Exercise directions
In this exercise, retype exactly and only the lines from the top of the entries below through the line that holds "實(shí)地考察建材項(xiàng)目中控室,了解智慧礦山管理方式", omitting pictures.

____ Records for this task

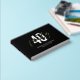 Un libro de fiestas de 40 años con un elegante fondo negro que se puede cambiar a cualquier color, el título "cuarenta", más el nombre y la fecha en Relieve metalizado de oro real. Esto se puede cambiar a oro o plata rosa.
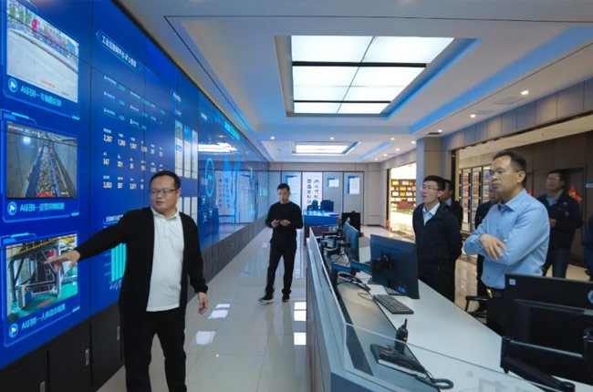 實(shí)地考察建材項(xiàng)目中控室,了解智慧礦山管理方式
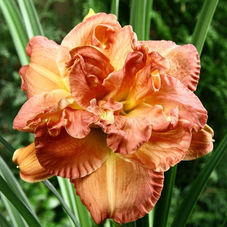 Окраска цветка : сильномахровый, бронзовый, с желтой полосой по центру лепестка
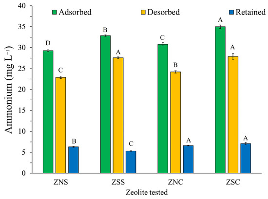 Amount of NH4+ desorbed by the tested zeolites during 24 h from a 1 M NaCl solution. Different letters indicate significant differences among zeolites for the same parameter (adsorbed, desorbed, and retained). Values are mean ± standard deviation of three replicates.
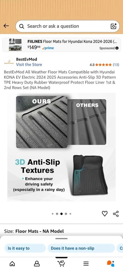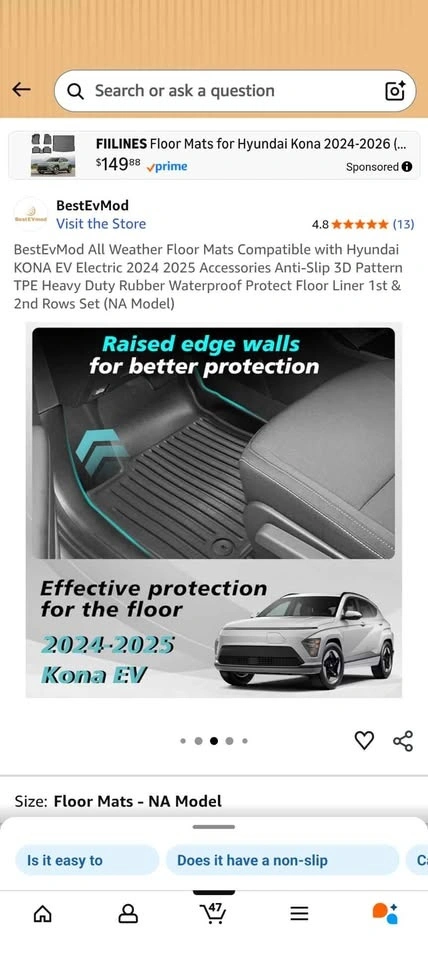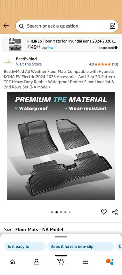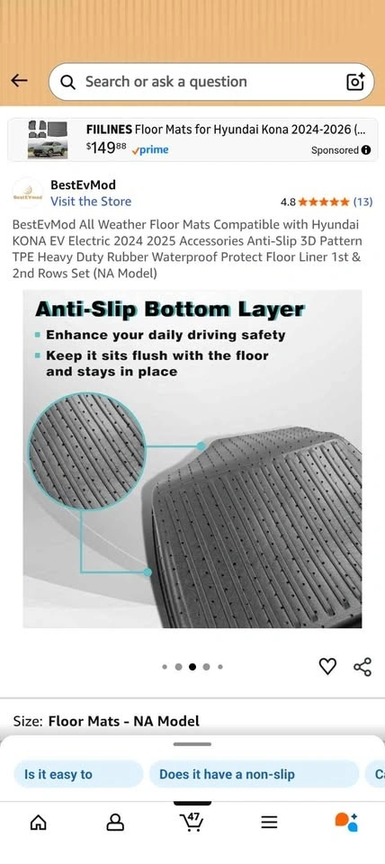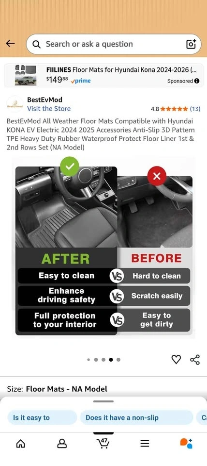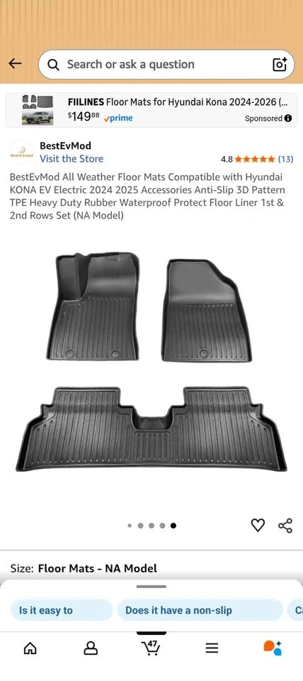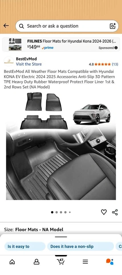 All Weather Floor Mats Hyundai KONA EV Electric 2024 2025

________

Expected answer
 Un libro de fiestas de 40 años con un elegante fondo negro que se puede cambiar a cualquier color, el título "cuarenta", más el nombre y la fecha en Relieve metalizado de oro real. Esto se puede cambiar a oro o plata rosa.
 實(shí)地考察建材項(xiàng)目中控室,了解智慧礦山管理方式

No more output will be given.